EMPEK - (MPK'dan) küçük denizaltı karşıtı gemi.

EROTİK VE ŞEYTANLIK - bakım ve onarım hizmetinin (E ve R) kısaltması şaka yollu bir şekilde bu şekilde deşifre edildi. Şimdi buna E ve V deniyor - sömürü ve silahlar. Artık akıllar “erotizm ve heyecan” diyor

EROTİK - yani bir şey yapılmış ve güzel görünüyor, hatta bir tür denizcilik şıklığıyla son derece güzel. Örneğin, bir geminin erotik olarak boyanmış yanları ve üst yapıları, tatbikatlar ve raporlar için zekice hazırlanmış bir durum haritası vb. Bu niteliğin antipoduna "pornografi" veya "deniz pornografisi" denir.

GÜNEY, güney, ülkemizin güney bölgelerini ve genel olarak Kola Yarımadası'nın güneyindeki her şeyi belirten geniş bir coğrafi kavramdır. Özellikle yaz aylarında güneye gitmek, yaş ve hizmet süresi ne olursa olsun herkesin değişmez hayalidir.

PERFORMANS YUMURTALARI, farklı plan ve programlarda yer alan, belirli bir uzay-zaman sürekliliğindeki kişinin kişisel sorumluluğunu simgeleyen özel işaretlerdir.

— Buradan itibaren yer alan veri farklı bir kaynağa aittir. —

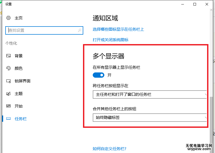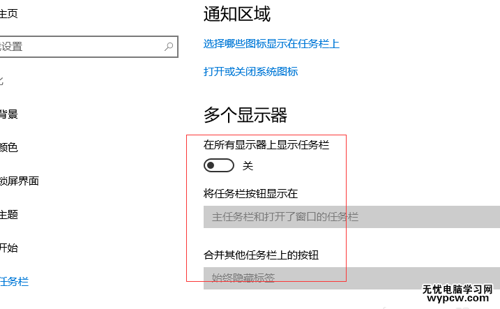 3、鼠標(biāo)往下拉動(dòng)滾動(dòng)框,到達(dá)多個(gè)顯示器項(xiàng)目,“在所有顯示器上顯示任務(wù)欄”處點(diǎn)擊關(guān),使得在非顯示屏不顯示任務(wù)欄
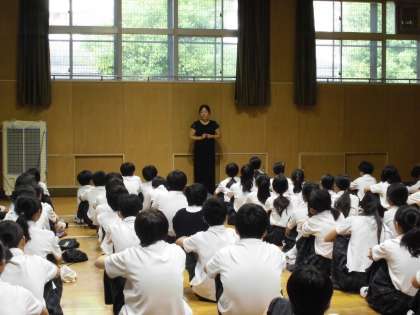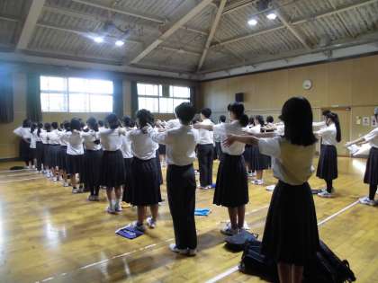 1年生の学年集会では、担当の先生から、中間テストを振り返り、ノミの習性に例えて自分で努力する範囲の天井を作ると、それ以上飛べなくなるというお話がありました。

KARE YUMURTA – yumurta tozundan yapılan omlet. Büyük fırın tepsilerinde pişirilen omletten kesilmiş porsiyonlu parçaların görünümünden gelir.

YUMURTA SARISI güvertede düzenlilik kalitesi için bir gerekliliktir. “Böylece yumurta sarısı gibi parlasın!” - dedi kayıkçı. Bu parlaklık, üst güvertenin ahşap kaplamasının kırılmış tuğla ve diğer akıllıca yöntemlerle çılgınca ovulmasıyla elde edildi. Tarifleri, iyi bir gemi kaptanının bir tür "teknik sırrı"ydı. Ancak bu, yalnızca Donanmamızın son gemilerinin hafif kruvazörler, yani Sovyet Donanmasının son klasik topçu kruvazörleri olduğu ahşap kaplamayla ilgili olarak anlamlıydı. Bu ifade bir süre daha varlığını sürdürdü ve ironikleştirilmesi gerekiyordu. Siyah çelik bir döşeme, örneğin, ancak bir şekilde hızla paslanmasına neden olarak yumurta sarısı rengine getirilebilir.

YASHKA - çapa. İfadeler: "yashka" üzerinde durun, "yashka" verin, "yashka"yı atın vb.